Finally, according to steps 3.1 and 3.2, a loss function specific to the model is constructed:
where λ is the weight of the multi-scale loss. l 1 To damageLoss function,/ i Is a loss function at the ith scale; i is the number of scaling scales.
And 3.3, continuously optimizing loss until convergence in the process of training the network by the random gradient descent algorithm according to the loss functions constructed in the steps 3.1 and 3.2.
The method specifically comprises the following steps: in the training data set, p samples are respectively selected to form a small batch of samples, wherein p =32 is selected, and then random gradient descent is carried out on the samples:
wherein the content of the first and second substances,is a loss function in step 3>Where m represents p samples, and then the model is updated using the gradient descent method:
here, the first and second liquid crystal display panels are,is the loss function versus the parameter theta i The partial derivative of (c). α is the learning rate set by the model.
After the steps, the method can be simplified into the following steps:
in the formula (I), the compound is shown in the specification,representing the gradient of the loss function for which it was found.

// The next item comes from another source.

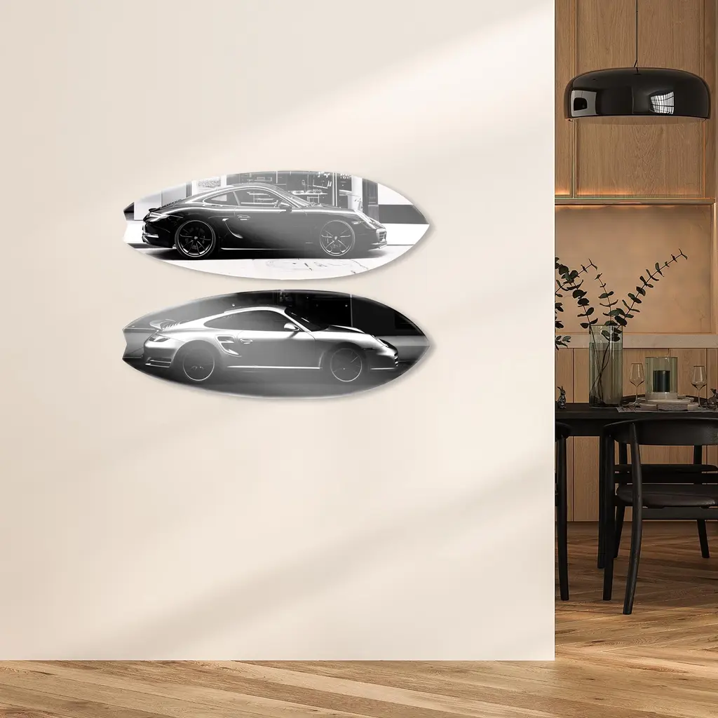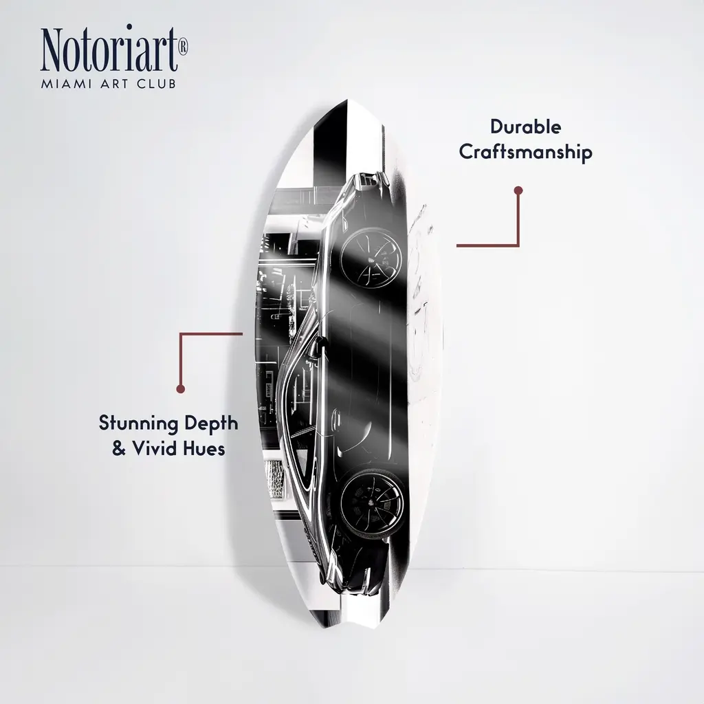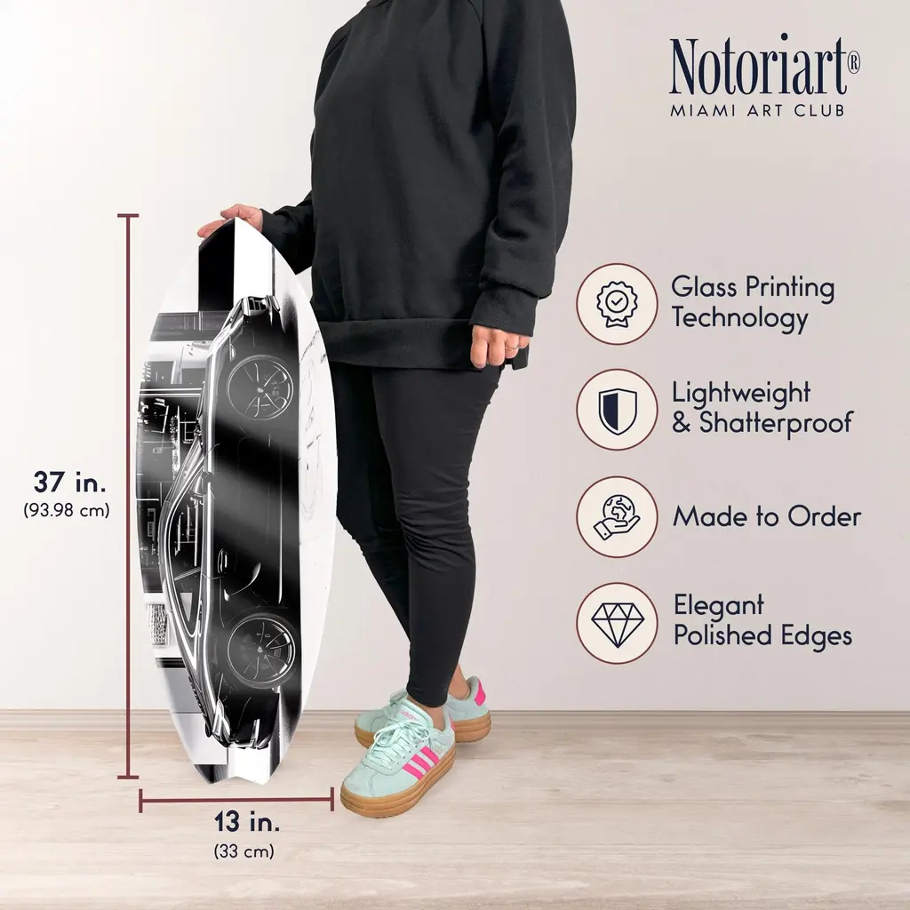 Elevate your home decor with NOTORIART's bold and exclusive Acrylic Glass Skimboard Wall Art. Handcrafted in Miami and made-to-order, this decorative skimboard is more than just coastal decor—it's a statement piece designed to reflect your unique style. Made from high-quality die-cut acrylic glass, it boasts a vibrant, high-gloss finish that brings depth, movement, and life to any space. Whether you're looking to capture the essence of coastal living or seeking a modern art piece to enhance your room, this skimboard offers versatile display options, hanging both horizontally and vertically. Featuring just 2 small holes, it comes with 4 durable aluminum thumbtacks (2 black, 2 silver) for effortless hanging—no complicated tools required. Bring the essence of Miami's artistic flair into your home with a decor item that blends sophistication, authenticity, and individuality.Features: Interior Designers Note: Crafted from die-cut acrylic glass, this decorative skimboard brings bold, vibrant energy to any space. Its hand-polished, glass-like finish creates depth and movement, making it a standout piece in modern decor.Simple, Sleek Hanging Solution: With just 2 small holes and 4 sturdy aluminum thumbtacks provided (2 black, 2 silver), hanging this art is effortless. Push the thumbtacks into the wall—no tools or measuring needed.Handcrafted Excellence: Each piece is meticulously made to order in Miami, reflecting the unique style and quality of NOTORIART's designs. Our skilled artisans ensure attention to detail, producing a luxurious, standout decor item.Premium Materials & Secure Packaging: Constructed from high-quality die-cut acrylic glass with a vibrant, high-gloss finish, this skimboard arrives securely packaged to ensure it reaches you in pristine condition. Exclusive Statement Piece: Inspired by Miami's vibrant art scene, this decorative skimboard merges modern design with coastal influences. Ideal for any room, it brings a touch of refined elegance and individuality to your home or office.Wipe clean with a soft, dry microfiber cloth. Avoid using water or cleaning sprays to maintain the high-gloss finish. Not suitable for outdoor use.

By taking a sample at random each time the model is updatedTo update the parameters.
The embodiment is as follows:
in the embodiment, 2 satellite remote sensing images are adopted to verify the effectiveness of the provided fusion algorithm; the spatial resolution of the full-color image and the multispectral image which can be shot and obtained by the IKONOS satellite is 1 meter and 4 meters respectively; the spatial resolutions of the panchromatic and multispectral images provided by the QuickBird satellite are 0.7 m and 2.8 m, respectively; the multispectral images acquired by the two satellites respectively comprise four wave bands of red, green, blue and near infrared; the full-color image size used in the experiment was 256 × 256 and the multispectral image size was 64 × 64.
In order to better evaluate the practicability of the remote sensing image fusion method (MASC-Net) based on the 3D convolution multi-scale attention depth convolution network of the present embodiment, the present embodiment provides two experiment types, which are a simulated image experiment and an actual image experiment, respectively, wherein the simulated image experiment reduces the spatial resolution of the panchromatic image and the multispectral image by 4 times at the same time, and uses the panchromatic image and the multispectral image as simulated image data to be fused, and uses the original multispectral image as a standard fusion result for reference, and the actual image experiment directly fuses the real images.
The remote sensing image fusion method (MASC-Net) based on the 3D convolution multi-scale attention depth convolution network provided in this embodiment is mainly compared with the following five widely used image fusion methods: the method comprises a sparse representation-based method SR, a component substitution-based method GS, a multi-resolution analysis-based method Indusion, and a deep learning-based method PNN and PanNet.
Training a network by using a Pythrch software package in an experiment, performing 25000 iterations approximately, and setting the batch size to be 32; for the stochastic gradient descent algorithm, the weight attenuation is set to 10 -3 Momentum of 0.9; the invention sets the MASC-Net network depth to be 5.
Analyzing the effect of the simulated image experiment:
FIG. 2 is a diagram of IKONOS satellite simulation experiment results; FIGS. 2 (a), (b) are an up-sampled multispectral image and a panchromatic image, respectively, FIG. 2 (c) is a reference image, FIGS. 2 (d) - (h) are fused images of five comparison methods, respectively, and FIG. 2 (i) is a fused image of the MASC-Net method (i.e., the present invention); by comparing the fused image with the reference image, it can be seen that all the methods can improve the spatial resolution of the original multispectral image, but obviously the SR has obvious color deviation in vision, the SR and PNN methods have serious spectral distortion, and the vegetation area synthesized by Indusion and PanNet has too sharp edge; as can be seen from fig. 2 (i), the spatial resolution of the multispectral image is improved, the spectral information of the source image is better retained, and the obtained fused image is better and more natural.
FIG. 3 is a graph of results of a Quickbird satellite simulation experiment; FIGS. 3 (a), (b) are an up-sampled multispectral image and a panchromatic image, respectively, FIG. 3 (c) is a reference image, FIGS. 3 (d) - (h) are fused images of five comparison methods, respectively, and FIG. 3 (i) is a fused image of the MASC-Net method (i.e., the present invention); as can be seen from fig. 3 (d) and (g), the color of the SR method and PNN method fused image is changed very much, and has a significant spectral difference from the reference image, and it is found from fig. 3 (e), (f) and (h) that the GS, indusion and PanNet method fused image has a large difference from the reference image in the bare land area at the lower right corner of the image; but the present embodiment and the reference image have small differences in both spectral resolution and spatial resolution.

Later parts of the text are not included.